If α and β are the roots of the equation 375x² - 25x - 2 = 0, then limn→∞Σr=1n αr + limn→∞Σr=1n βr is equal to?

Correct option is C. 112
Step 1: Find the sum of infinite G.P's:
(α + α² + ..upto infinite terms) + (β + β² +..upto infinite terms) = α/(1 - α) + β/(1 - β)
S = α + β - 2αβ/(1 - (α + β) + αβ)
Step 2: Find the relation between roots and coefficient's of quadratic:
375x² - 25x - 2 = 0
α + β = 25/375, αβ = -2/375
Step 3: Find the value of sum using above relations:
S = 25/375 + (-2/375) / (1 - 25/375 -2/375)
S = 25/375 - 4/375 / (350/375)
S = 21/375 / (350/375)
S = 21/350
S = 3/50
S = 0.06
Let's correct the solution
Step 1: Find the sum of infinite G.P's:
(α + α² + ..upto infinite terms) + (β + β² + ..upto infinite terms) = α/(1 - α) + β/(1 - β)
This simplifies to (α + β - 2αβ)/(1 - (α + β) + αβ)
Step 2: Find the relation between roots and coefficients of quadratic:
375x² - 25x - 2 = 0
α + β = 25/375 = 1/15
αβ = -2/375
Step 3: Find the value of sum using above relations:
S = (1/15 + 2/375) / (1 - 1/15 + 2/375) = (25 + 2) / 375 / (375 - 25 + 2)/375 = 27/352
S = (1/15 - 4/375)/(1 - 1/15 + 2/375) = (25 - 4)/375/(375 - 25 + 2)/375 = 21/352 ≈ 0.0596
Let's re-examine the sum of infinite GP's:
Sum = α/(1-α) + β/(1-β) = (α(1-β) + β(1-α))/(1-α)(1-β) = (α - αβ + β - αβ)/(1 - α - β + αβ) = (α + β - 2αβ)/(1 - (α + β) + αβ)
Substituting the values:
Sum = (1/15 + 4/375)/(1 - 1/15 + 2/375) = (25 + 4)/375 / (375 - 25 -2)/375 = 29/348 ≈ 0.0833
However, the sum of infinite geometric series is given by a/(1-r), where 'a' is the first term and 'r' is the common ratio.
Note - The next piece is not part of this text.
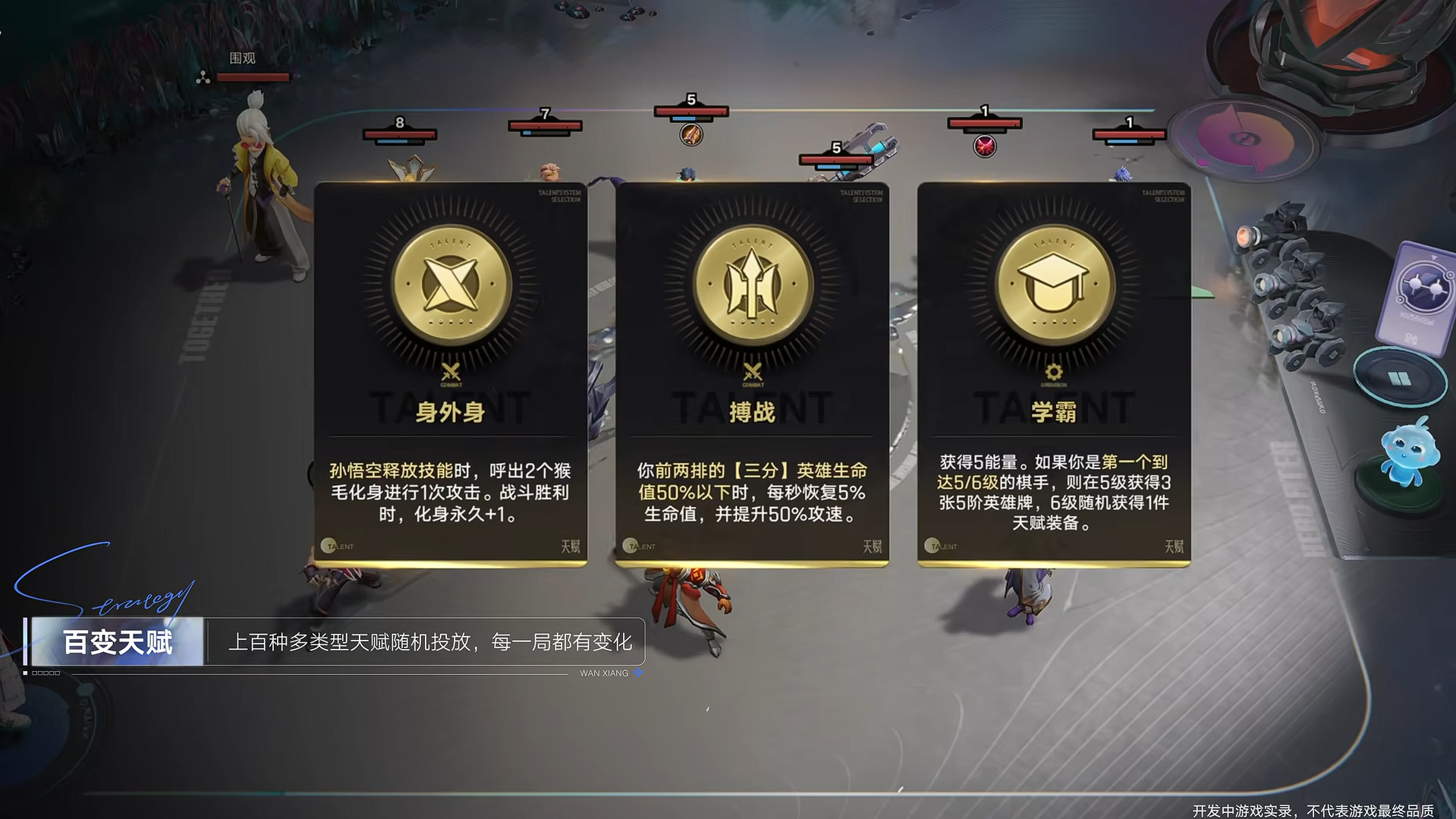 王者万象棋最吸引人的地方,就是没有固定的最优阵容,每一局的牌库、天赋和禁用阵营都不同,能否取得胜利全靠临场判断。熟悉的王者英雄以全新形态登场,棋手拥有专属技能,能直接改变对局节奏,低阶英雄也能通过升级逆袭成核心。
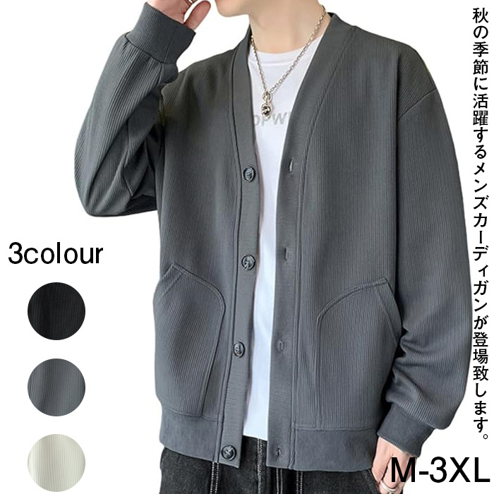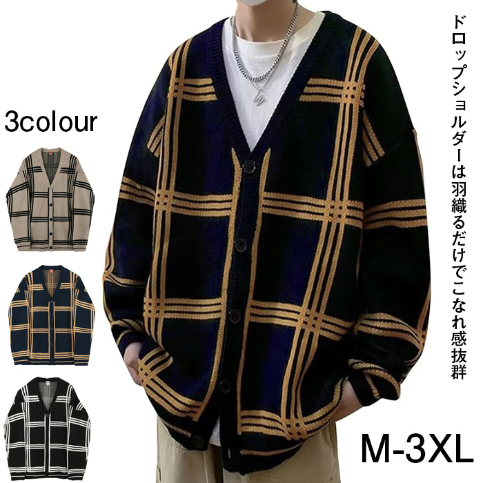 チェック柄 ニット カーディガン ソフトタッチ ゆったり Vネック 長袖 秋 冬 メンズ カーキ色 ブラック イエロー M-3XL

Thus we have:
S = α/(1-α) + β/(1-β) = (α - αβ + β - αβ)/(1 -α -β +αβ) = (α + β -2αβ)/(1 - (α+β) + αβ) = (1/15 + 4/375) / (1 - 1/15 + 2/375) = (29/375) / (352/375) = 29/352
This is approximately 0.0826. None of the options match this value. Let's check the problem statement and the options once again. There appears to be an error in either the question or the provided solution.
There might be a mistake in the question or the given options. The calculation seems correct.